The bank’s annual profit rose more than 13 percent year-on-year from Rs 2082 crore recorded in the previous financial year, even after accounting for a one-time impairment provision of Rs 179 crore linked to its investment in J&K Grameen Bank.

Kashmir Impulse Desk

Srinagar, May 6 

Jammu and Kashmir Bank reported its highest-ever annual profit for the financial year 2025-26, posting a net profit of 2363 crore, driven by growth in advances and improved asset quality despite pressure on interest income from lower policy rates.

The bank’s annual profit rose more than 13 percent year-on-year from Rs 2082 crore recorded in the previous financial year, even after accounting for a one-time impairment provision of Rs 179 crore linked to its investment in J&K Grameen Bank.

The lender also posted a record quarterly performance in the January-March quarter, with net profit rising to nearly Rs 800 crore from Rs 585 crore a year earlier, according to financial results approved by its board on Tuesday.

Net interest margin for the year stood at 3.60 percent, while return on assets for the quarter rose to 1.78 percent from 1.44 percent a year earlier. 

The bank’s return on equity for FY26 was recorded at 16.85 percent.

Managing Director and Chief Executive Officer Amitava Chatterjee said the lender delivered record profits for the fourth consecutive year despite geopolitical uncertainties and a challenging local environment.
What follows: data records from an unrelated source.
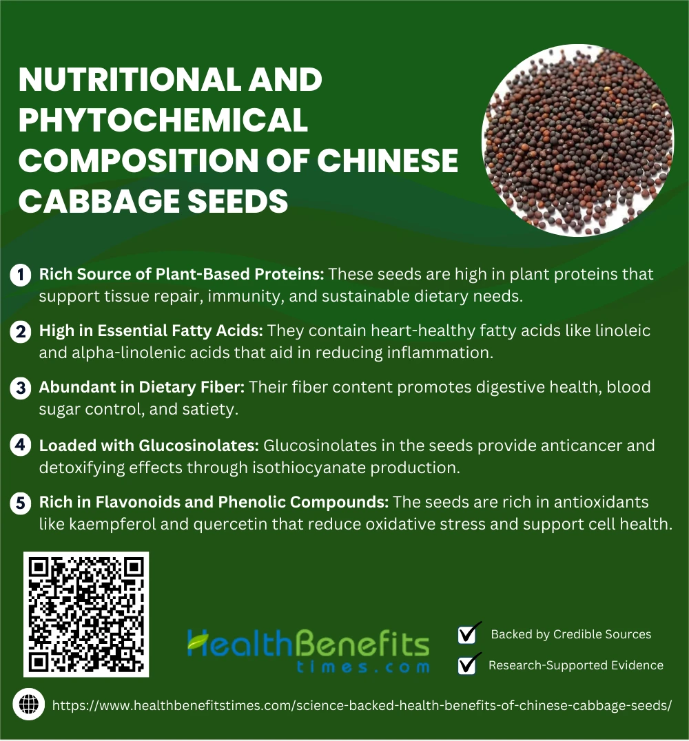 Chinese cabbage seeds are packed with essential nutrients and bioactive compounds, including proteins, healthy fats, vitamins, minerals, and antioxidants, contributing to their growing importance in health and nutritional science.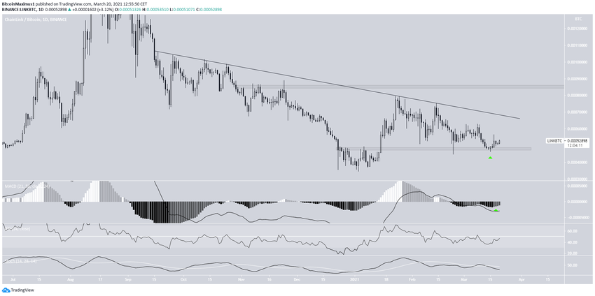 LINK/BTC podąża za opadającą linią oporu od początku września 2020 r. Do tej pory wykonał pięć nieudanych prób wybicia.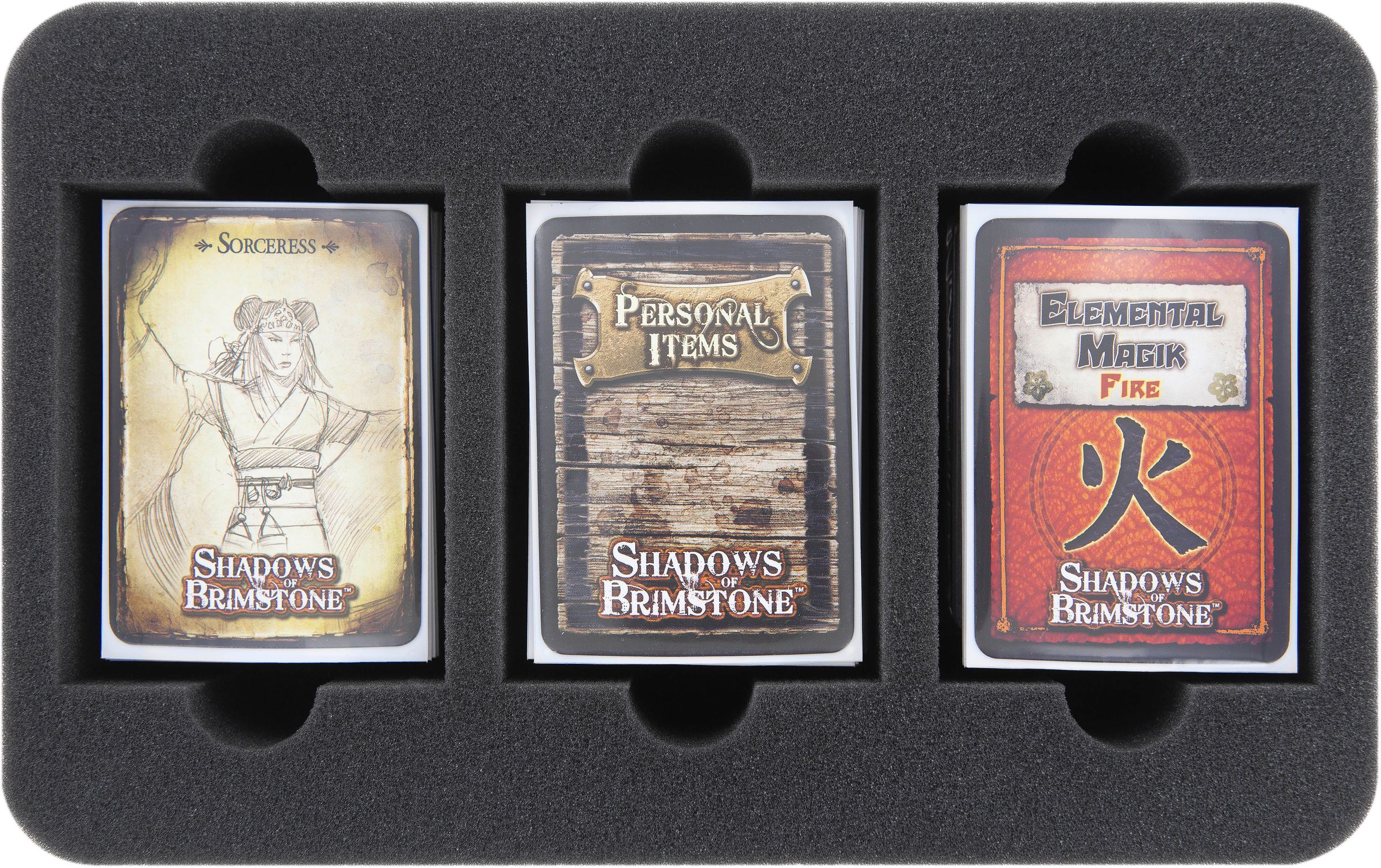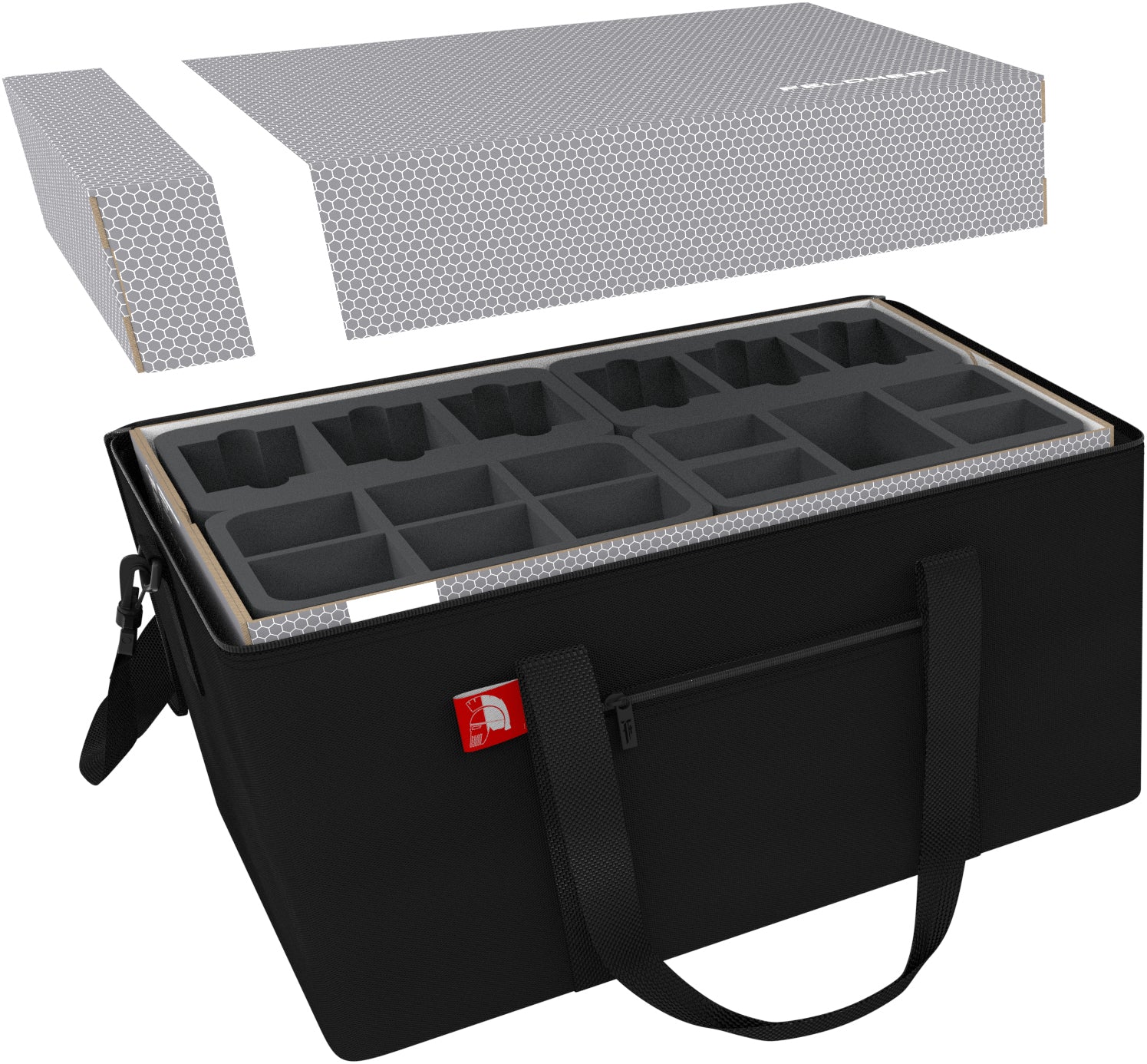 We would like to present you the Feldherr Transporter-Set for the board game "Forbidden Fortress" from the "Shadows of Brimstone" series. The set includes the practical Feldherr Transporter bag, a stable Double-Size Storage Box and the matching foam trays for all heroes, demons, monsters, (sleeved) cards, tokens, dice and many tiles of the core set.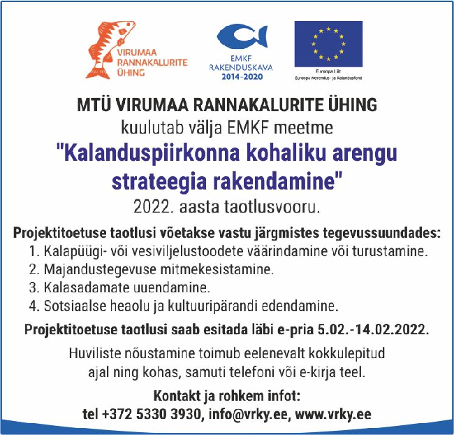 MTÜ Virumaa Rannakalurite Ühing kuulutab välja EMKF meetme "Kalanduspiirkonna kohaliku arengu strateegia rakendamine" 2022. aasta taotlusvooru. Projektitoetuse taotlusi...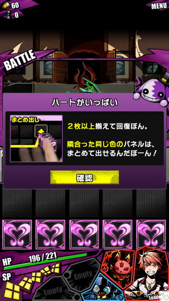 值得注意的是,若是同樣顏色的方塊並列在一起,則玩家可以手指一滑,將所有相同顏色的方塊一次拉到上方的空格中,而不用一格一格的拉動方塊,關於這部份可以算是戰鬥進行中最有趣,也是最爽快的部份。而藉由累積愈多相同的顏色,玩家也可以發動較為強大的全體攻擊。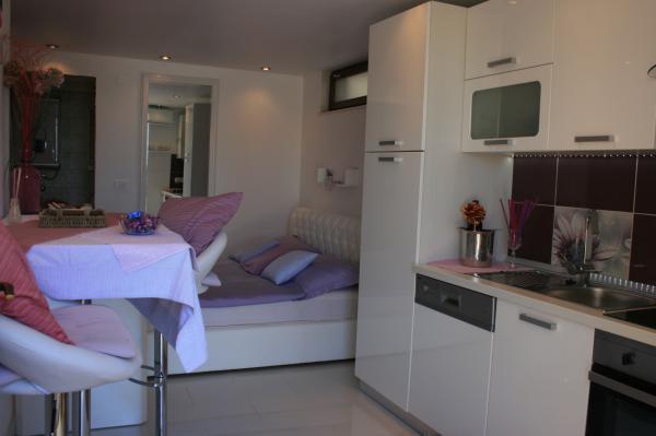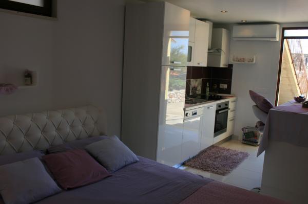Nino Apartmány se skládají ze tří samostatných apartmánů, z nichž každý se samostatným vchodem. Dům se nachází v klidné, idylické místo, daleko od shonu města, s krásným olivovém háji, která nabízí ničím nerušený výhled na moře. Každý apartmán má Wi-Fi připojení k internetu a TV. Venkovní parkoviště s jedním parkovacím místem pro každý apartmán.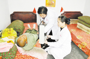 在“双节”来临之际,周口妇产医院的医务人员携带大米、面粉、油及专门为孩子购买的帽子、围巾等物品,来到川汇区福利院,慰问了那里的孤寡老人和残疾、智障儿童,随车的内、外科专家还为他们进行了体检。(记者 沈湛 摄)
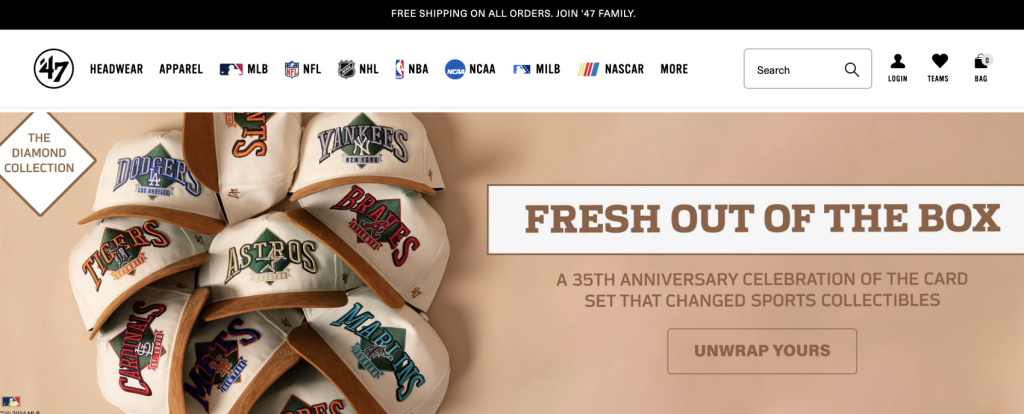 ’47 是一个私人控股的高端运动生活方式品牌,由双胞胎兄弟 Arthur D’Angelo 和 Henry D’Angelo 于1947年在马萨诸塞州波士顿创立。起初,D’Angelos 兄弟在芬威球场周围的街道上销售锦旗和其他体育纪念品,并从中看到了体育授权的未来,逐渐将他们的业务从单一的街头球车发展成为一个将运动和风格独特融合为一的顶级运动生活方式品牌。目前,’47 是美国职业棒球大联盟、美国国家篮球协会、国家橄榄球联盟、国家冰球联盟、全国改装赛车竞赛协会(NASCAR)、超过 900 个大学项目和许多国际足球俱乐部的官方授权商。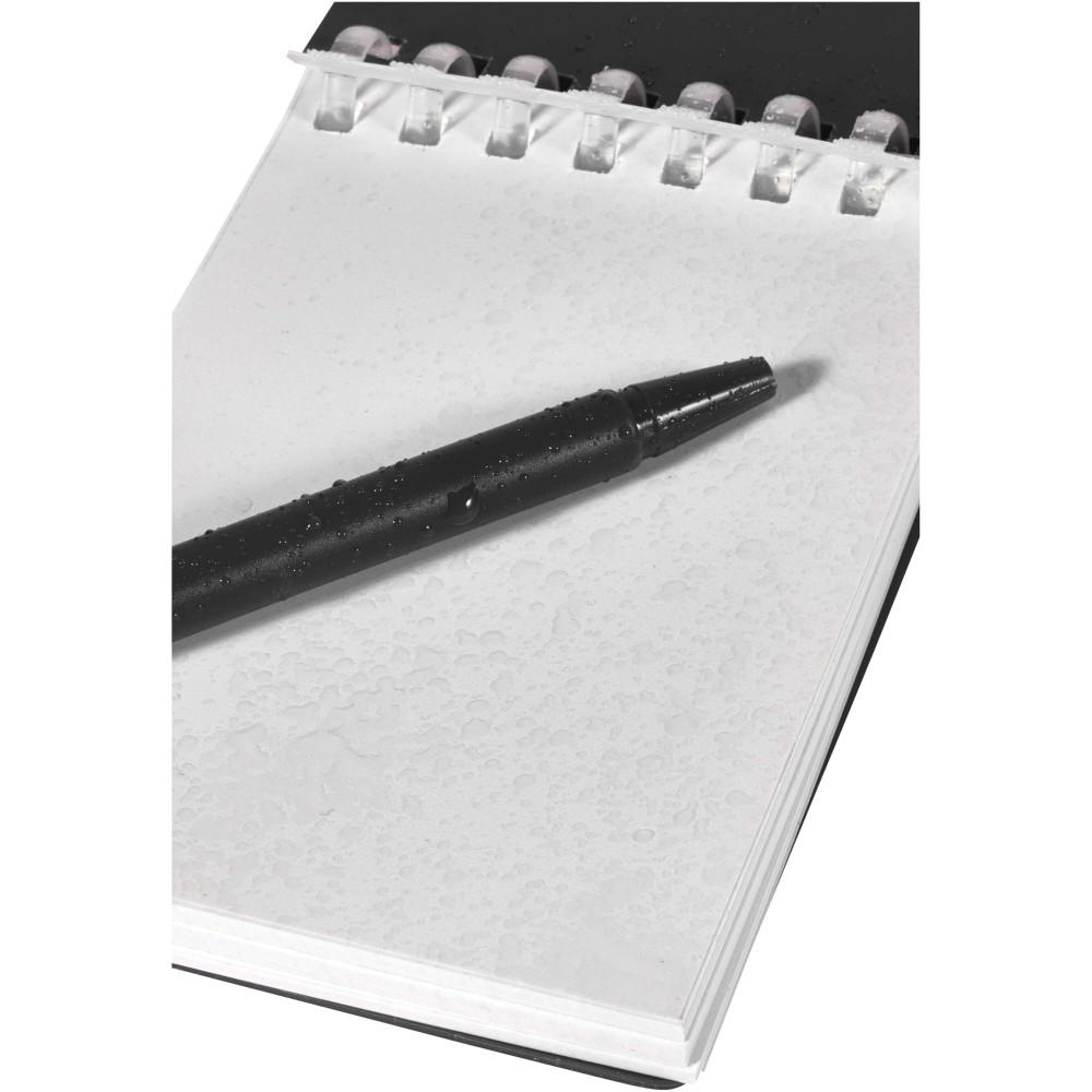 A Lig Mini jegyzetfüzet és toll szett kompakt és praktikus társ a gyors jegyzeteléshez útközben. A spirálfüzet puha, újrahasznosított műanyag borítással és 70 darab, 120 g/m2 súlyú, vízálló kőpapírból készült üres lappal rendelkezik, így ideális választás szabadtéri használatra is. A kerekített sarkokkal és beépített tolltartó pánttal ellátott kiegészítő tökéletesen követi a "mini" trendet, miközben teljesen funkcionális marad. A szetthez tartozó golyóstoll újrahasznosított ABS műanyagból készült, fekete tintával ír, íráshossza pedig 250 méter. A színben harmonizáló fémgyűrű segítségével a szett könnyen rögzíthető hátizsákra, táskára vagy kulcscsomóra, így tartós és hordozható megoldást nyújt a jegyzetek rögzítéséhez. A jegyzetfüzet mérete: 11 × 7,5 cm.

“Even against a backdrop of geopolitical uncertainties and a demanding local environment, the Bank delivered record profits for the fourth consecutive year,” Chatterjee said in a statement.

He said that lower lending rates following cumulative interest rate cuts by the Reserve Bank of India during 2025 had moderated growth in interest income, while intense competition for deposits increased funding costs.

The bank’s total business grew 13.61 percent year-on-year to Rs 2,90,000 crore as of March 31, 2026. 

Deposits increased 11.3 percent to Rs 1,65,000, while net advances rose 18 percent to Rs 1,23,000 crore.

Its gross non-performing asset ratio improved to 2.5 percent from 3.37 percent a year earlier, while the provision coverage ratio remained above 90 percent.

The bank’s capital adequacy ratio stood at 16.55 percent at the end of March. 

Chatterjee said the bank may consider raising capital during the current financial year in view of expected credit loss norms scheduled to take effect from April 2027.

The lender said it remained focused on expanding retail lending, supporting micro, small and medium enterprises, and increasing credit flow to the agriculture sector, while strengthening its presence in Jammu and Kashmir, Ladakh and other regions of India.